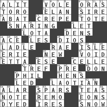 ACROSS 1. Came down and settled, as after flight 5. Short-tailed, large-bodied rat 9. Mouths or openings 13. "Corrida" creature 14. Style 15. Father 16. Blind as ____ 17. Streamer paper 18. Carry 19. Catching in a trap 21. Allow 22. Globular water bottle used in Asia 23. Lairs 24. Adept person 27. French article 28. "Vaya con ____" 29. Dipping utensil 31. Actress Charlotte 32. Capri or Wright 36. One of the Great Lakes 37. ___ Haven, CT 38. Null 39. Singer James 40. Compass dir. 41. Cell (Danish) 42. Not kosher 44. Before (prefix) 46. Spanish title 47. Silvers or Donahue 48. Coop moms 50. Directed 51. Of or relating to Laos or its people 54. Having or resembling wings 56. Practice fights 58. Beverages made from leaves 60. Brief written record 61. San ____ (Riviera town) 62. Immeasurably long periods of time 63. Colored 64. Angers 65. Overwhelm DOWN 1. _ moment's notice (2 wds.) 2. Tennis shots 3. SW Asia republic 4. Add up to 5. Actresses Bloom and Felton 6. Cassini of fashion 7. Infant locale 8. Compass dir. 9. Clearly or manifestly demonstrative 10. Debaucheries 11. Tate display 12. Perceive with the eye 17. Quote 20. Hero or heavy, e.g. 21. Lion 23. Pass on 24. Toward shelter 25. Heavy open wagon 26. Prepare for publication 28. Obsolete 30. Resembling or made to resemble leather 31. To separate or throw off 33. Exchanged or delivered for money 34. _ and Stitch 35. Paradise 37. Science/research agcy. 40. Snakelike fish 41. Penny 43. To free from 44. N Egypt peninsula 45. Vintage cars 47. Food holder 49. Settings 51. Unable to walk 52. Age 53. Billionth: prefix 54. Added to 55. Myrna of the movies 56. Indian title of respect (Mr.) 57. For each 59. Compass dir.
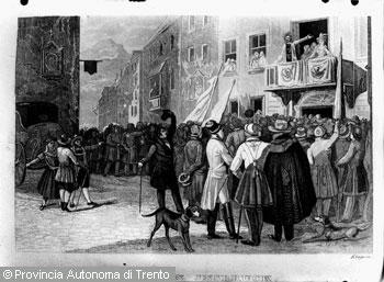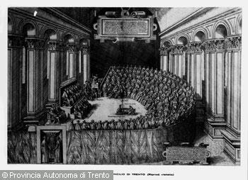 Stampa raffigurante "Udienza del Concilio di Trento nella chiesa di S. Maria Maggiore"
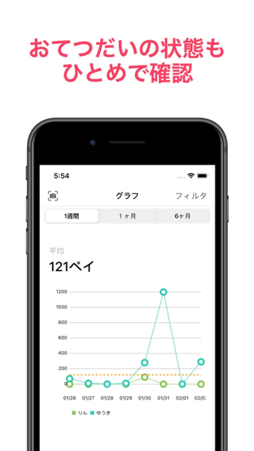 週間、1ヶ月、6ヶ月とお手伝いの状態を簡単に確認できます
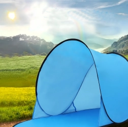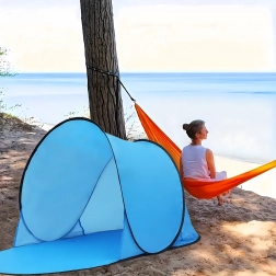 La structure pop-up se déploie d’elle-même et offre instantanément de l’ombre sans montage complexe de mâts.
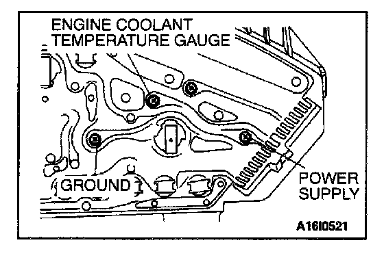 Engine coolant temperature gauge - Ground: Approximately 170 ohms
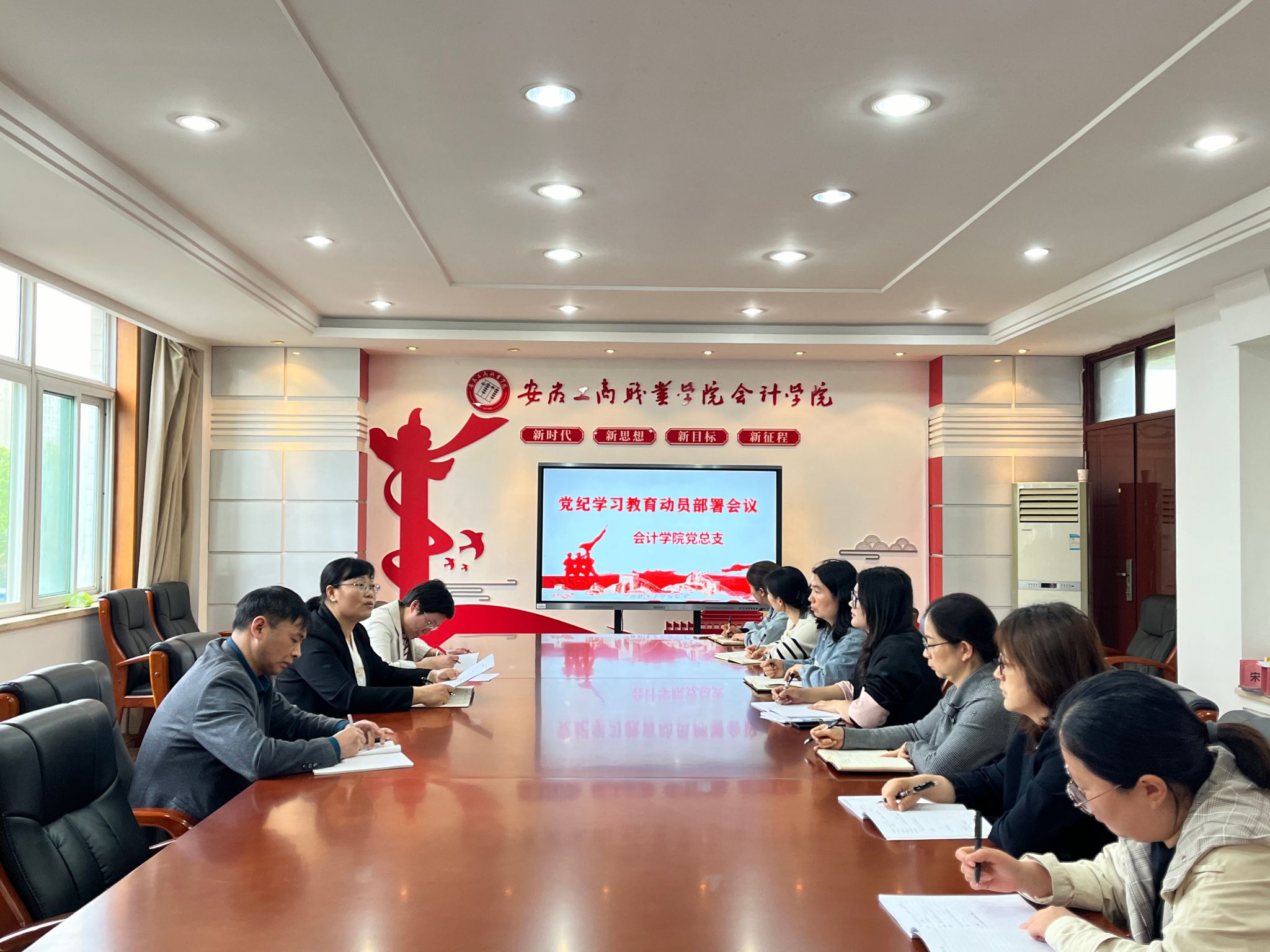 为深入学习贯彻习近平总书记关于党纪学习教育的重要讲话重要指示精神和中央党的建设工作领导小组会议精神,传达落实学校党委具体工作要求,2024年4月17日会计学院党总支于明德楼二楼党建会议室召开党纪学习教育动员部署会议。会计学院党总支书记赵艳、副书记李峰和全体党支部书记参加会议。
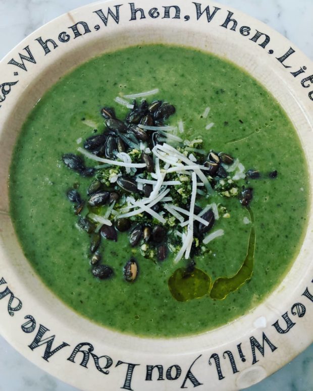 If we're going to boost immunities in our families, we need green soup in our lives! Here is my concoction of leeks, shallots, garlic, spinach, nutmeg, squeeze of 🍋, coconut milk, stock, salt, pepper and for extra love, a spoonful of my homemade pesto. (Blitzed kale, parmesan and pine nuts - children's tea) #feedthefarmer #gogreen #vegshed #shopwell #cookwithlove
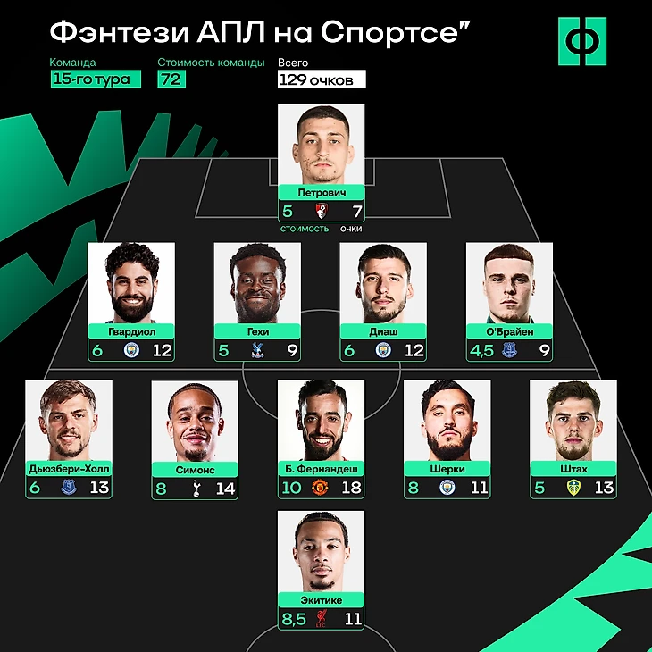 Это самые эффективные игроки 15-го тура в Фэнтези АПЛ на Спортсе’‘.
==
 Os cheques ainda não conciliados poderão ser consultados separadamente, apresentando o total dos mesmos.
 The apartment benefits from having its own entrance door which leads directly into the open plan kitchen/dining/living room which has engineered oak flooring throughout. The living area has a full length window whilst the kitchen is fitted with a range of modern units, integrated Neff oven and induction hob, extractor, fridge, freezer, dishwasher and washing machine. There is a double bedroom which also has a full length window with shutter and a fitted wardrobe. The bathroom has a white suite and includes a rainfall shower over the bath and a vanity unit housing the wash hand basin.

About this task — Take the material above from the line containing "del Concilio di" up to and including the line containing "Engine coolant temperature" and retype it exactly, without any pictures.

The answer —
 Stampa raffigurante "Udienza del Concilio di Trento nella chiesa di S. Maria Maggiore"
 週間、1ヶ月、6ヶ月とお手伝いの状態を簡単に確認できます
 La structure pop-up se déploie d’elle-même et offre instantanément de l’ombre sans montage complexe de mâts.
 Engine coolant temperature gauge - Ground: Approximately 170 ohms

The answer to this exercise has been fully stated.